3

I have some geo targeting code whcih I want to behave in a particular way if the site is being spidered by a robot e.g. google etc.

Is there any way to infer this?

AJM
  • 32,054
  • 48
  • 155
  • 243

4 Answers4

5

Presenting different content to search engine crawlers and human visitors - called cloaking - is a risky thing, and can be punished by the search engine if detected.

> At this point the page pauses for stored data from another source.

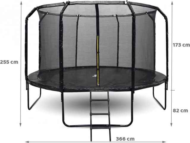 Gør din have til et sted for sjov og sund bevægelse. Trampolinen SKYFLYER 366 cm kombinerer robust konstruktion med gennemtænkte sikkerhedsfunktioner: indre beskyttelsesnet med ring til opstramning, polstrede, profilerede stolper og dobbelt-sikret indgang med lynlås og spænde. Springfladen af det holdbare Jumping Mat PP-materiale er flerfoldigt syet (8 sømme), hvilket sikrer lang levetid selv ved intensiv brug.
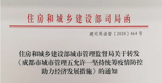 住房和城乡建设部城市管理监督局关于转发《成都市城市管理五允许一坚持统筹疫情防控助力经济发展措施》的通知
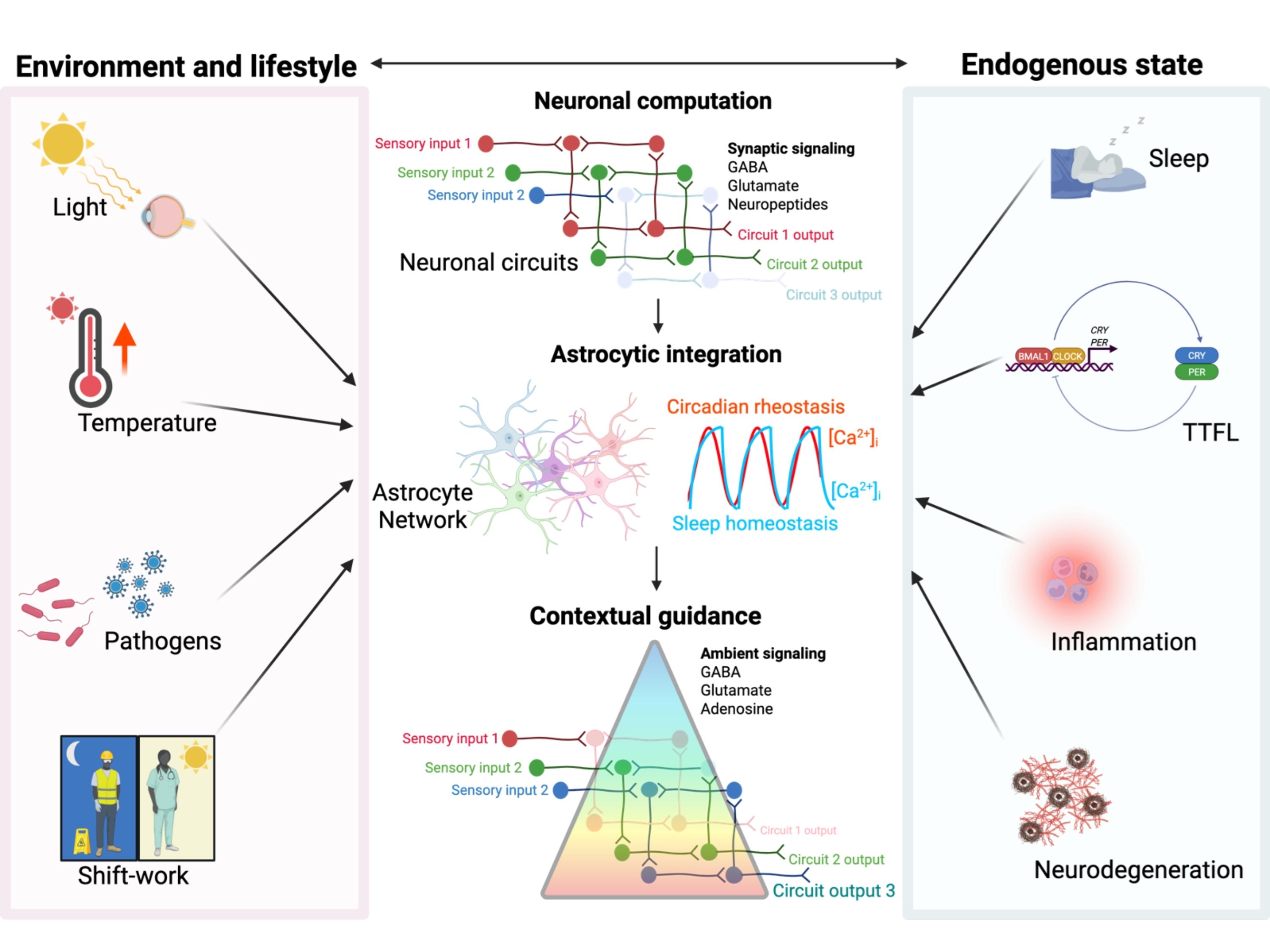 Astrocytes are increasingly recognised as key regulators of brain physiology. Our work has shown that astrocytes within the SCN contain their own circadian clocks and play an active role in controlling neuronal rhythms (Brancaccio et al. Neuron 2017; Brancaccio et al., Science 2019; Ness et al., EMBO J, 2025).

That said, check out this SO answer with several links to well-maintained "bot lists". You would have to parse the USER_AGENT string and compare it against such a bot list.

Community
  • 1
  • 1
Pekka
  • 442,112
  • 142
  • 972
  • 1,088
2

You can do it by checking for the user-agent, or the IP. It may be preferable to use the latter as it's not unknown for other, less reputable bots, to spoof the user-agent of the big guys. Even for google et al their IPs tend to be in narrow ranges, so detecting on IP shouldn't require compiling of vast lists.

Richard H
  • 38,037
  • 37
  • 111
  • 138
1

You can check this by the user-agent property. For more info on user agent strings, check here: http://www.user-agents.org/ Mark the records with type "R = Robot, crawler, spider ". Bit this is not guaranteed, the user-agent property might be changes by several factors and this is not 100% reliable.

anthares
  • 11,070
  • 4
  • 41
  • 61
1

If you are only interested in the well set up reputable bots e.g. Google, Yahoo, MSN/Live/Bing/whatever-it-is-today, Ask etc then you can use round trip DNS checking.

1) Check for known user agent (look for known substring such as googlebot)
e.g. Mozilla/5.0 (compatible; Googlebot/2.1; +http://www.google.com/bot.html

2) Do a reverse DNS for the requesting IP and check that it comes from a reasonable domain.
e.g. rdns of 66.249.71.202 is crawl-66-249-71-202.googlebot.com (so happy that it comes from googlebot.com)

3) On it's own step 2 can be faked, so now check the dns of the A record for the result returned in step 2 and ensure you have the original requesting IP.
e.g. dns for above is
crawl-66-249-71-202.googlebot.com. A 66.249.71.202

66.249.71.202 was the requesting IP address so this is a valid googlebot.

status203
  • 876
  • 6
  • 11